Segment Start: Records supplied

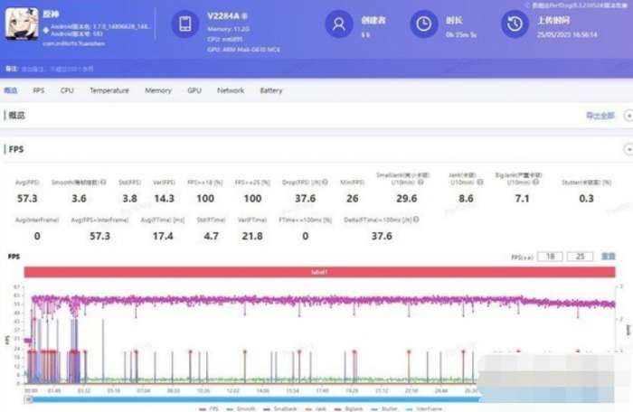 vivo S17 Pro半小时平均帧率可以跑到57.3帧,整体表现还是流畅的。
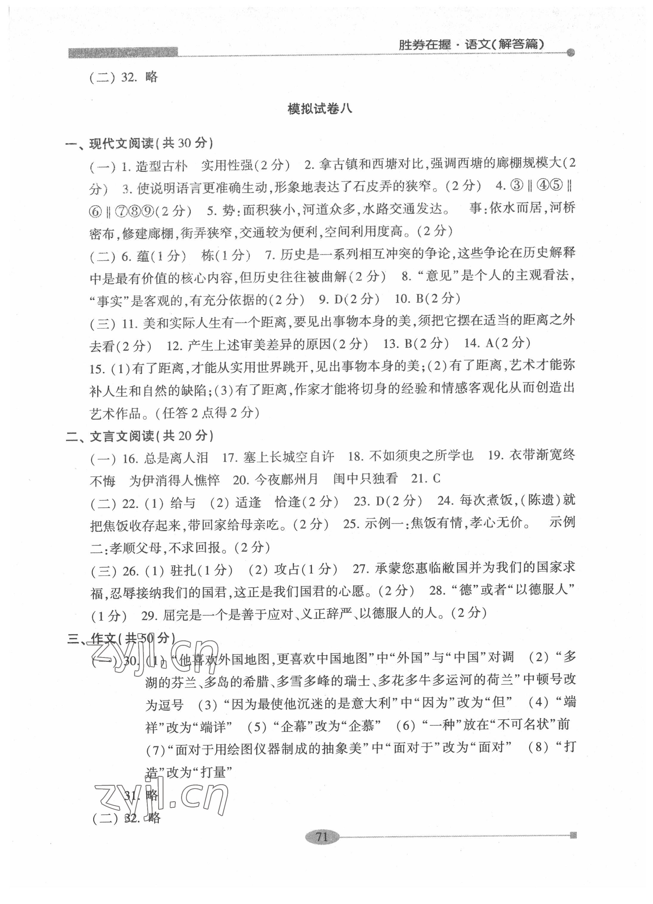注:目前有些书本章节名称可能整理的还不是很完善,但都是按照顺序排列的,请同学们按照顺序仔细查找。练习册 2022年胜券在握中考总复习指导语文 答案主要是用来给同学们做完题方便对答案用的,请勿直接抄袭。
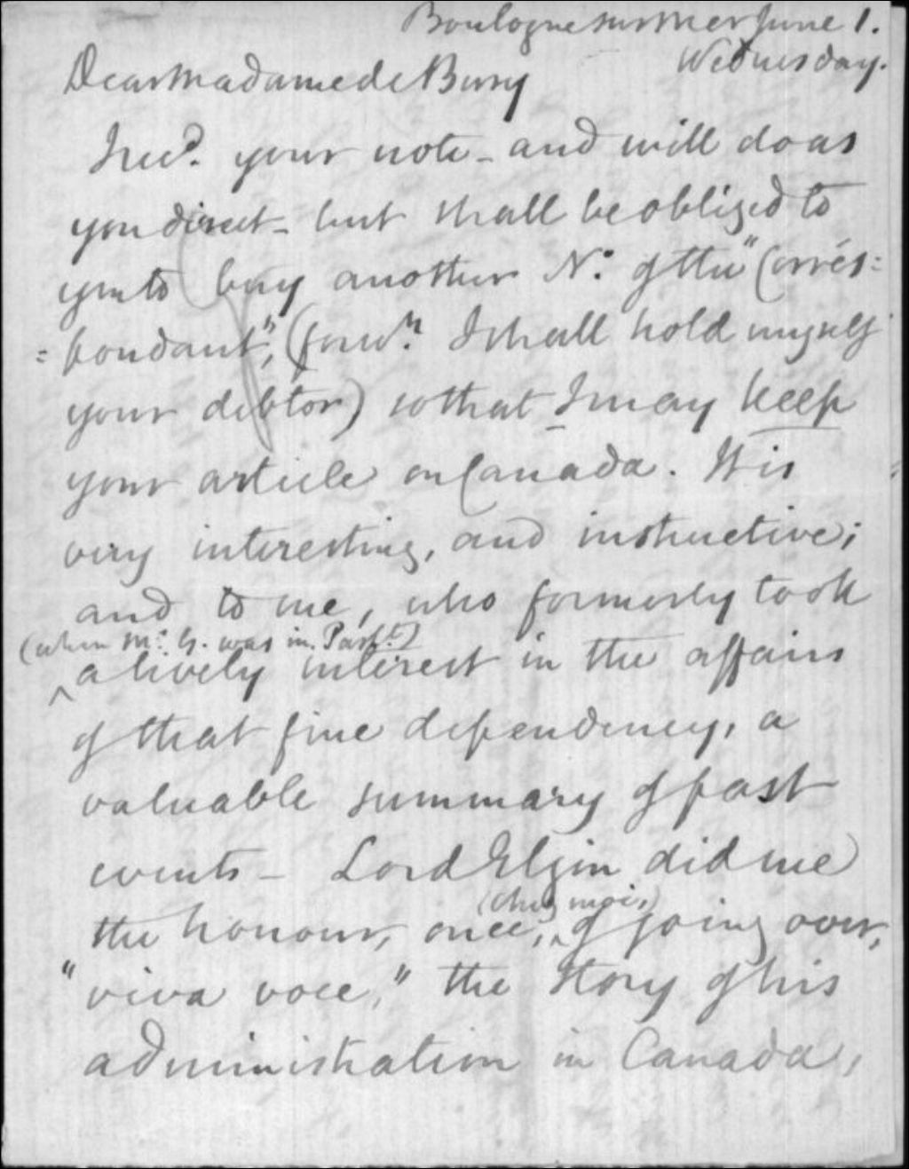 - Ce dossier est composé d'une lettre de M. Groté à Mme de Berrey (Bury) dans laquelle il commente les décisions de Lord Sydenham et mentionne Lord Elgin. On retrouve également une copie manuscrite de cette lettre
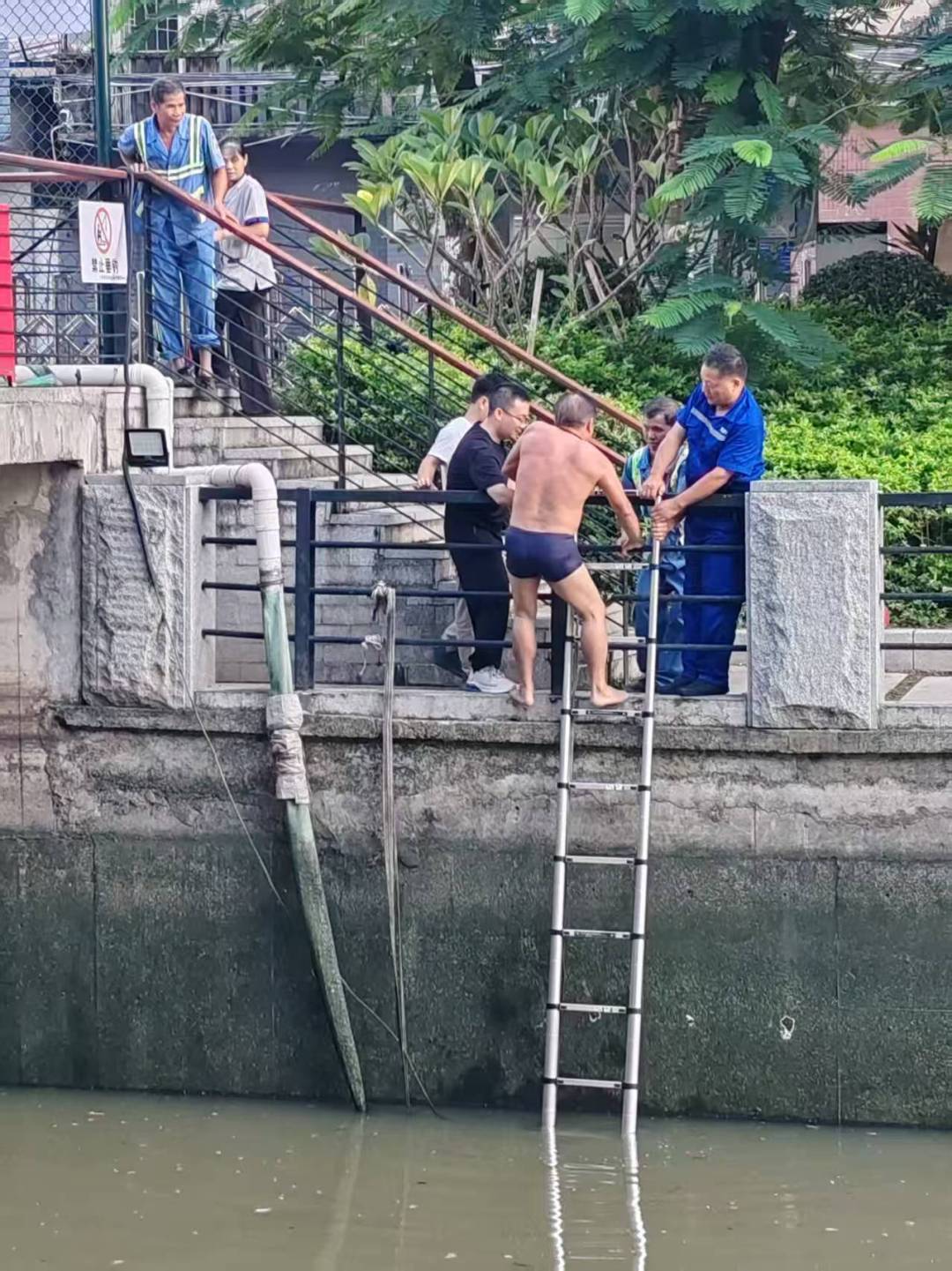 10月14日下午,广州天河区车陂街西湖社区河长潘仲灵在日常巡河至石路街涌河段时,突然发现一名群众不慎坠入河中,由于水面离岸边太高,落水群众曾多次尝试,都无法上岸,情况较为危急。
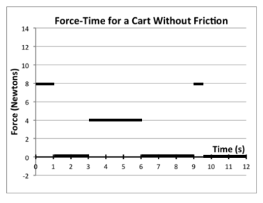 A force is only acting in the time intervals from 0 seconds to 1 seconds, from 3 seconds to 6 seconds, and from 9 seconds to approximately 9.5 seconds.
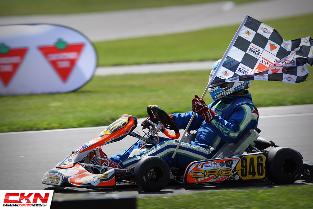 For Serravalle the win was bittersweet as he wasn’t even planning to race the Canadian Championships and instead was going to be in Germany preparing for the upcoming CIK World Karting Championships, but he missed his flight to Germany and in the last minute, entered to race at Mosport. We think it was worth it.
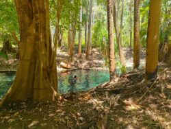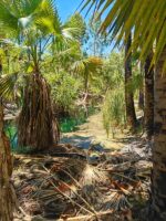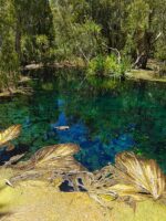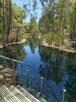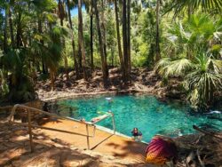 - Mataranka Thermal Pool – seemed more established but not as big. The water looked nice but when Doug felt it, it seemed cooler than the first one. It’s quite hot outside but not as humid as the past few days (maybe cause we’re further from the coast?) and again, we opted to just take photos and find a campground with power and a pool further down the road.

Segment End: Records supplied

● Assignment: Up to and including the line that holds "A force is only", restate word for word each line of the records from their start, and only those lines, leaving out the pictures.

● Solution to this problem:
 vivo S17 Pro半小时平均帧率可以跑到57.3帧,整体表现还是流畅的。
注:目前有些书本章节名称可能整理的还不是很完善,但都是按照顺序排列的,请同学们按照顺序仔细查找。练习册 2022年胜券在握中考总复习指导语文 答案主要是用来给同学们做完题方便对答案用的,请勿直接抄袭。
 - Ce dossier est composé d'une lettre de M. Groté à Mme de Berrey (Bury) dans laquelle il commente les décisions de Lord Sydenham et mentionne Lord Elgin. On retrouve également une copie manuscrite de cette lettre
 10月14日下午,广州天河区车陂街西湖社区河长潘仲灵在日常巡河至石路街涌河段时,突然发现一名群众不慎坠入河中,由于水面离岸边太高,落水群众曾多次尝试,都无法上岸,情况较为危急。
 A force is only acting in the time intervals from 0 seconds to 1 seconds, from 3 seconds to 6 seconds, and from 9 seconds to approximately 9.5 seconds.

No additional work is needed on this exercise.